TASK MATERIAL Start Marker

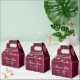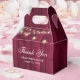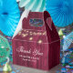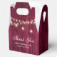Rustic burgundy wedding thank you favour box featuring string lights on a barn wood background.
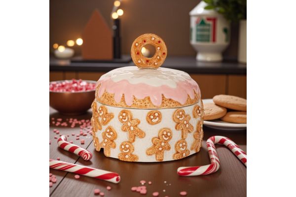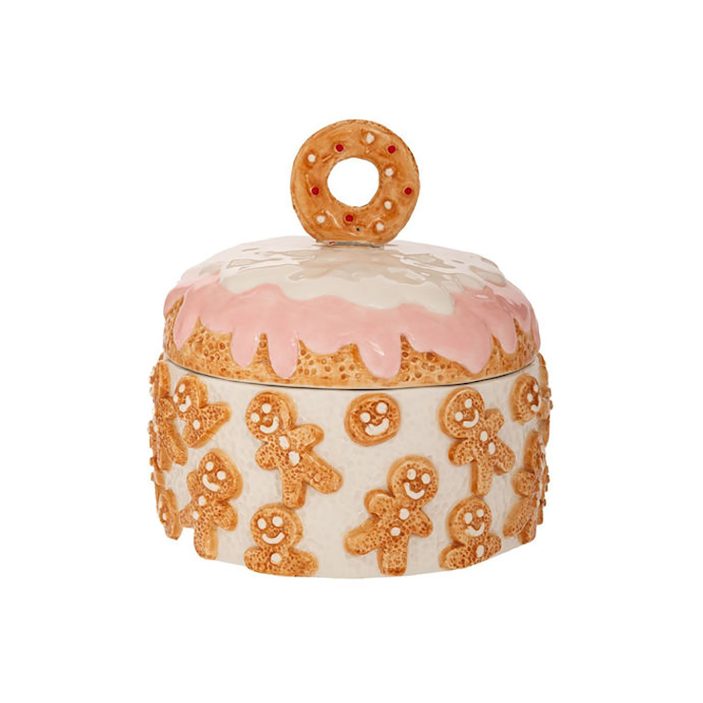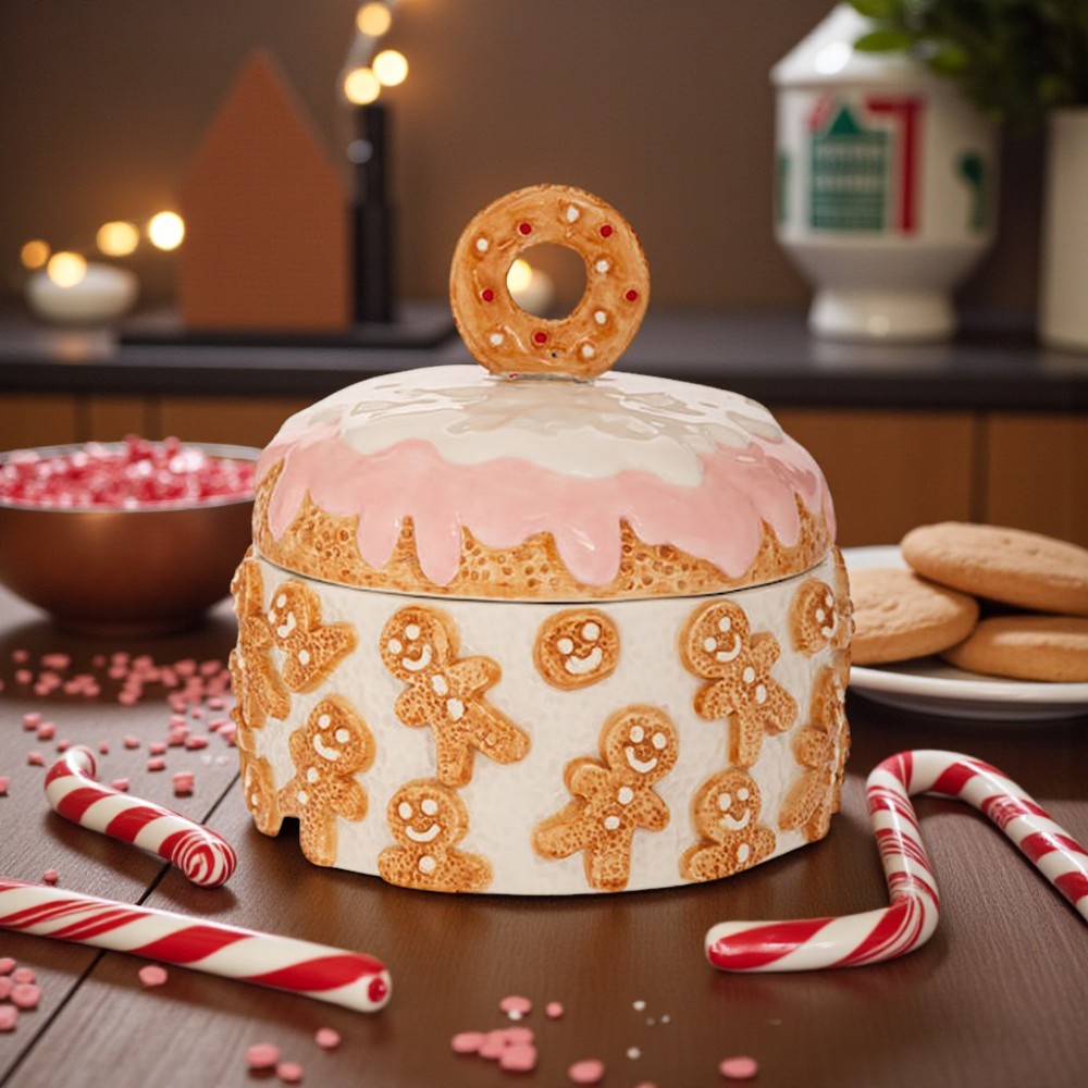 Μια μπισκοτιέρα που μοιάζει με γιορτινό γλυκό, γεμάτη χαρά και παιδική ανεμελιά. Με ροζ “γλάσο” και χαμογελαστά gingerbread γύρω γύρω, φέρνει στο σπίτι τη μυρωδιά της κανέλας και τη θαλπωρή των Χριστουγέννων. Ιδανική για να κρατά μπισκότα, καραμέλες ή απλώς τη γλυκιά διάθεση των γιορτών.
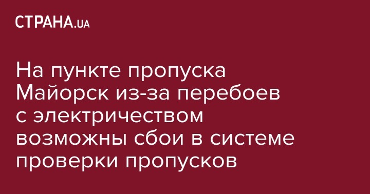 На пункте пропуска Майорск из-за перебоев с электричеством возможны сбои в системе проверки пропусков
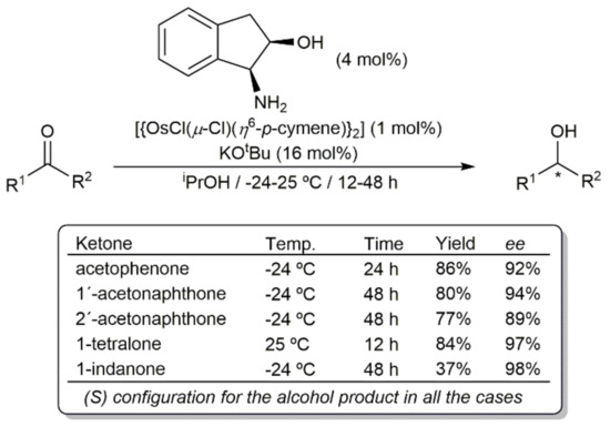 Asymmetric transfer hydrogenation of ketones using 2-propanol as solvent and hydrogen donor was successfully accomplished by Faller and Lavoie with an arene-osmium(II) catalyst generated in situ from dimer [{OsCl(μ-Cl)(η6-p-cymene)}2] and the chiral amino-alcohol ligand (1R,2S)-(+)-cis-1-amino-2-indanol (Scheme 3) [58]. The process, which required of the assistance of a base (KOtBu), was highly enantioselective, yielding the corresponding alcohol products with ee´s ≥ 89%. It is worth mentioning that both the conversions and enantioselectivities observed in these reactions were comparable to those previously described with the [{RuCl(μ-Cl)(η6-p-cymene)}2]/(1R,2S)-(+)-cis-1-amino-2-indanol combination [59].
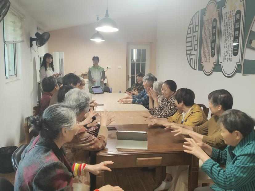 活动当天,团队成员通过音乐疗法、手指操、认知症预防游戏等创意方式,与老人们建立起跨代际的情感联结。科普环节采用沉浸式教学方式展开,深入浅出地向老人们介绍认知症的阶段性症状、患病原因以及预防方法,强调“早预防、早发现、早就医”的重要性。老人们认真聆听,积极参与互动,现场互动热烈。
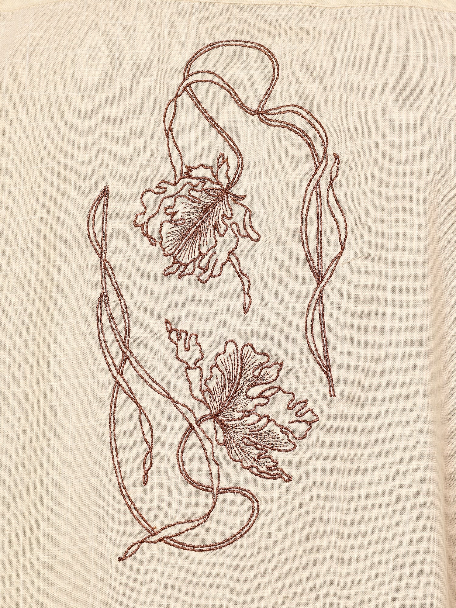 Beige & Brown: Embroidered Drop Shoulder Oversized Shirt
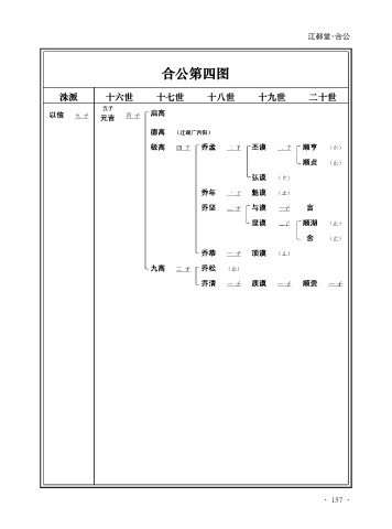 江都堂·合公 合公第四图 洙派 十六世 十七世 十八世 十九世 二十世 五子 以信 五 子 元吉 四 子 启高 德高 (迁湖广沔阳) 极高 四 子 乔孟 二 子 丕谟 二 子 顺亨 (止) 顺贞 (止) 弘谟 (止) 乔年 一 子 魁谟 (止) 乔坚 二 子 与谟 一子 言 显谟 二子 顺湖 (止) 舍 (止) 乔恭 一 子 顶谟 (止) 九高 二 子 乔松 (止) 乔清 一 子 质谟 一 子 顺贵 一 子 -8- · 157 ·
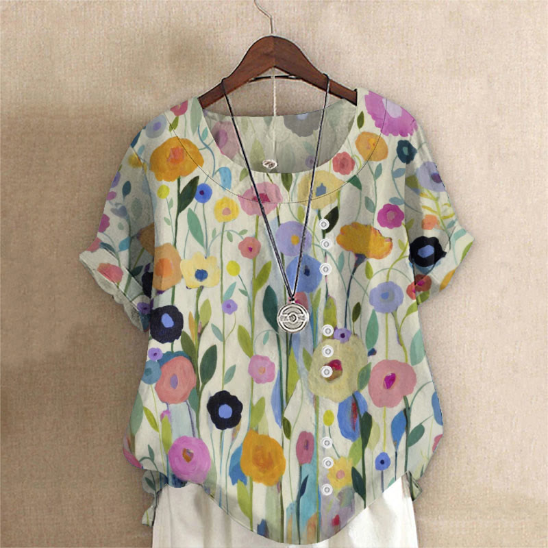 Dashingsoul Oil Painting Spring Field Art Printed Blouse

TASK MATERIAL End Marker

- WORK REQUIRED -
All lines from the beginning of the entries above to the line containing "На пункте пропуска", inclusive, should be printed exactly, apart from the pictures.

- RESPONSE AREA -
Rustic burgundy wedding thank you favour box featuring string lights on a barn wood background.
 Μια μπισκοτιέρα που μοιάζει με γιορτινό γλυκό, γεμάτη χαρά και παιδική ανεμελιά. Με ροζ “γλάσο” και χαμογελαστά gingerbread γύρω γύρω, φέρνει στο σπίτι τη μυρωδιά της κανέλας και τη θαλπωρή των Χριστουγέννων. Ιδανική για να κρατά μπισκότα, καραμέλες ή απλώς τη γλυκιά διάθεση των γιορτών.
 На пункте пропуска Майорск из-за перебоев с электричеством возможны сбои в системе проверки пропусков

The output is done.